Assimilation
The Bottleneck Isn't Willingness. It's That You Haven't Started Enough Groups.
100 Strong · July 13, 2026
Photo by Brett Jordan on Unsplash
You have probably felt this tension already. Someone new shows up on a Sunday, shakes your hand, tells you they enjoyed the service, and then you never see them again. It stings, because you know they mattered to God and to you. The hard truth is that people who only attend the service tend to drift out the back door. People who join a group connect, make friends, and stay.
Here is the encouraging part: the demand is already there. Research puts it plainly. Roughly 80% of new members will join a group if one is available. Read that again. The bottleneck is not willingness. It is supply. You do not have a people problem, you have a group-starting problem, and that is a problem you can actually fix.
Groups let you grow larger and smaller at the same time
An under-100 church needs to get bigger to reach more people and smaller so no one falls through the cracks. Groups are how you do both at once. The church grows larger to reach, and smaller (in groups) to care. Group life is your assimilation and retention engine. High group involvement drives more volunteering, more faith-sharing, and better incorporation of newcomers.
The data backs the direction, even if you should treat the exact numbers as large-church benchmarks. Among larger churches, those with 41 to 60% of adults in groups were 79% growing. Ninety percent of large churches now call small groups central to spiritual formation, up from 50% in 2000. The percentages are big-church figures, but the direction transfers strongly to your setting: groups drive growth and keep people.

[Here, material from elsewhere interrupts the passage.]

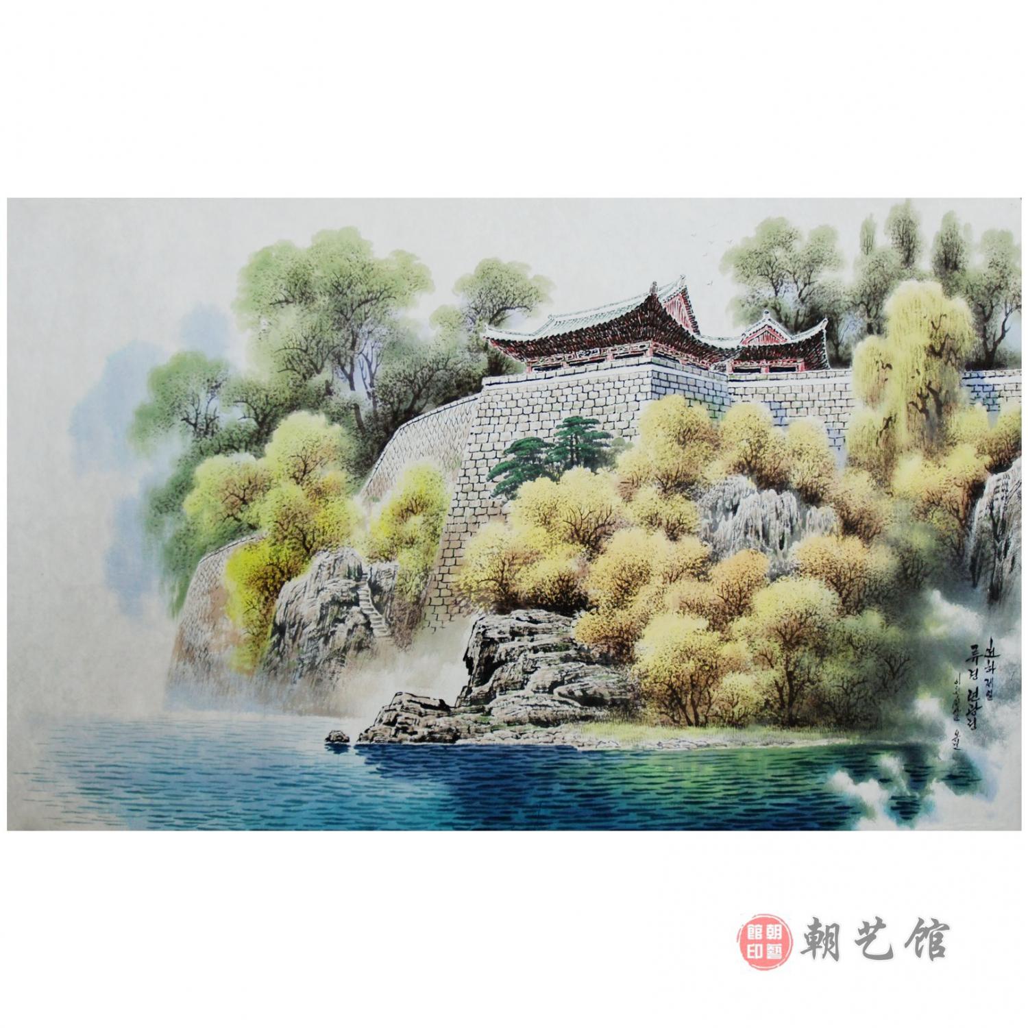 金日国《炼光亭》朝鲜国画佚名《炼光婷》朝鲜国画的市场价值,他的尺寸73X123,年代是2014

Get the size right: 8 to 12
The optimal group size is 8 to 12, with a healthy range of roughly 3 to 15. Once a group passes about 12, sharing depth starts to erode and the group loses its capacity to fold in new people. Keep this in mind: a group of 10 is a different kind of thing than a group of 4. It is not just a bigger version. A larger group needs shared leadership, sometimes multiple gatherings, and smaller discussion sub-groups so everyone still gets heard.
So when a group crosses that line, do not keep cramming people in. Birth a new group. A simple rule of thumb: start one new group per five existing groups every two years. Groups saturate somewhere between 9 and 18 months, and if a group has not grown in 6 months, assume it has plateaued. Multiplication discipline matters, because groups older than about two years develop an instinct for self-preservation and quietly repel newcomers.
Coach prayer, not lesson prep
This one will reorder your priorities. A study of around 3,000 group leaders found that the leader's prayer life had the highest correlation with group health and growth. Lesson-prep time had zero correlation with growth. Zero.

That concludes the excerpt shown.